Через два часа коридор расширился, тусклый свет слабо отразился от покрытых слюдой стен. Кислый запах погреба, наполняющий подземелья холма, больше нисколько не беспокоил Мэдди. Вообще-то сейчас, когда она об этом задумалась, ей показалось, что воздух стал приятнее, чем прежде, хотя заметно похолодало.
— Мы приближаемся к Спящим, — отметила она.
— Ага, мисс, — согласился Сахарок, который нервничал все сильнее и сильнее по мере того, как они продвигались к своей цели. — Недолго осталось. Ну ладно, я свое дело сделал, и если никто не против…
Но взгляд Мэдди упал на что-то, на светящуюся точку, слишком бледную, чтобы оказаться пламенем костра, и слишком яркую, чтобы быть отражением на камне.
— Да это же дневной свет! — Ее лицо просияло.
Сахарок поразмыслил, не поправить ли ее слова, затем пожал плечами.

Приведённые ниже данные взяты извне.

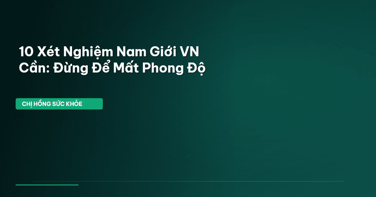 Tiêu chí Chi tiết 📌 Chủ đề 10 Xét Nghiệm Nam Giới VN Cần: Đừng Để Mất Phong Độ 📊 Số từ 2239 từ ✅ Xác thực Perplexity Sonar Pro + Gemini Grounding 🎯 Key Takeaways1Nam giới nên chủ động khám sức khỏe định kỳ từ tuổi 30-35 để phát hiện sớm các nguy cơ tim mạch, chuyển hóa và ung thư, tránh tình trạng bệnh tiến triển nặng.210 xét nghiệm thiết yếu bao gồm kiểm tra huyết áp, đường huyết, mỡ máu, chức năng gan thận, công thức máu, tầm soát ung thư đại trực tràng và tuyến tiền liệt, xét nghiệm testosterone, vitamin D và viêm gan B, C.3Sử dụng các công cụ của Cú Thông Thái như Health Records, Health Dashboard và AI Longevity Protocol giúp bạn lưu trữ, theo dõi, phân tích kết quả xét nghiệm và xây dựng lối sống lành mạnh một cách khoa học, chủ động.🌿 Chị Hồng Sức Khỏe khuyênKhám phá công cụ sức khỏe: BMI, Calories, Giấc ngủ tại suckhoe.cuthongthai.vn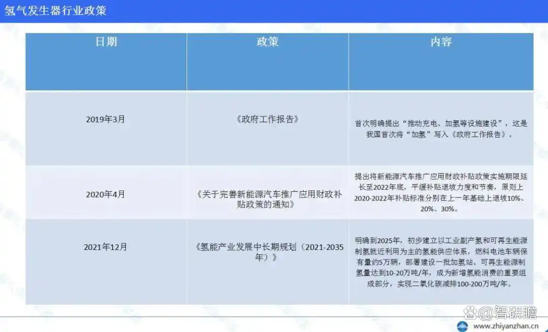 氫氣發生器行業政策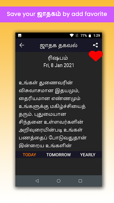 So all the Tamil people, நீங்கள் தயாரா? For routing your horoscope every morning! தமிழ் ஜாதகம்: Tamil Jathagam 2019 is a unique app specially designed for Android users to facilitate them by providing them with their horoscope in their mother tongue Tamil! தமிழ் ஜாதகம்: Tamil Jathagam 2019 app is a feature-driven app that provides horoscope for each zodiac sign just by a click. உங்கள் இராசி அடையாளம் விளக்கத்தை உடனடியாக அறிந்து கொள்ளுங்கள் by installing தமிழ் ஜாதகம்: Tamil Jathagam 2019 app. தமிழ் ஜாதகம்: Tamil Jathagam 2019 app is easy to install and operate. தமிழ் ஜாதகம்: Tamil Jathagam 2019 app has a simple and user-friendly GUI.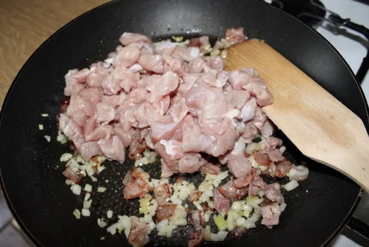Mięso dokładnie umyj pod bieżącą wodą, osusz ręcznikami papierowymi, a następnie odkrój nadmiar tłuszczu. Pokrój je w kostkę.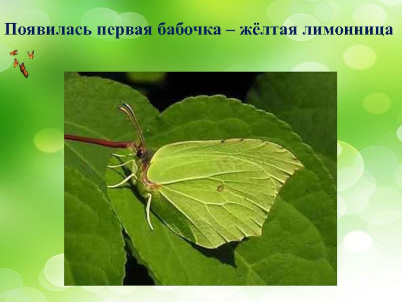 Слайд 15Появилась первая бабочка – жёлтая лимонница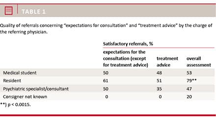 As expected, the referrals of the lowest quality originated from the small group of non-identifiable physicians but apart from those, the poorest referrals originated from the psychiatric specialists and the senior consultants. A trend towards a higher quality of the referrals completed by residents is significant for the overall assessment of the referral document.

— Это Спящие, мисс, — тихо произнес он.
И в этот миг его отвага окончательно истощилась. Он многое мог вынести, но с него довольно. Для всякого гоблина настает время собирать остатки смелости и бежать. Сахарок-и-кулёк повернулся и припустил.
Мэдди подскочила к свету, слишком возбужденная, чтобы задумываться о дезертирстве Сахарка или о том, что свет на самом деле вовсе не похож на дневной. Он был холодным и серебристым, как бледный краешек летнего предвестника рассвета. Он был слабым, но вездесущим. Мэдди видела, что он окутывает стены коридора молочным свечением, выхватывая частицы слюды в скале и подсвечивая струйки пара, которые вылетали изо рта Мэдди в морозный воздух.
Теперь она увидела, что перед ней пещера. Коридор расширился, превратился скорее в тоннель, а затем оборвался. Мэдди, которая считала себя привыкшей к чудесам после приключений под холмом, протяжно вздохнула от удивления. Пещера была безгранична. Девочка слышала рассказы об огромных соборах в Крае Света, соборах, больших, как города, со стеклянными шпилями, и в ее воображении они чем-то походили на эту пещеру. Тем не менее прозрачная громада пространства едва не сокрушила Мэдди. Внизу простиралось колючее море светящегося голубого льда, над ним вздымались своды с тысячами поразительных завитков и вееров, поднятые на невообразимую высоту прозрачными колоннами, широкими, как амбарные двери.
Пещера была бесконечна — по крайней мере, так поначалу казалось, — и свет словно был пойман в древний лед, свет, сиявший, будто средоточие звезд.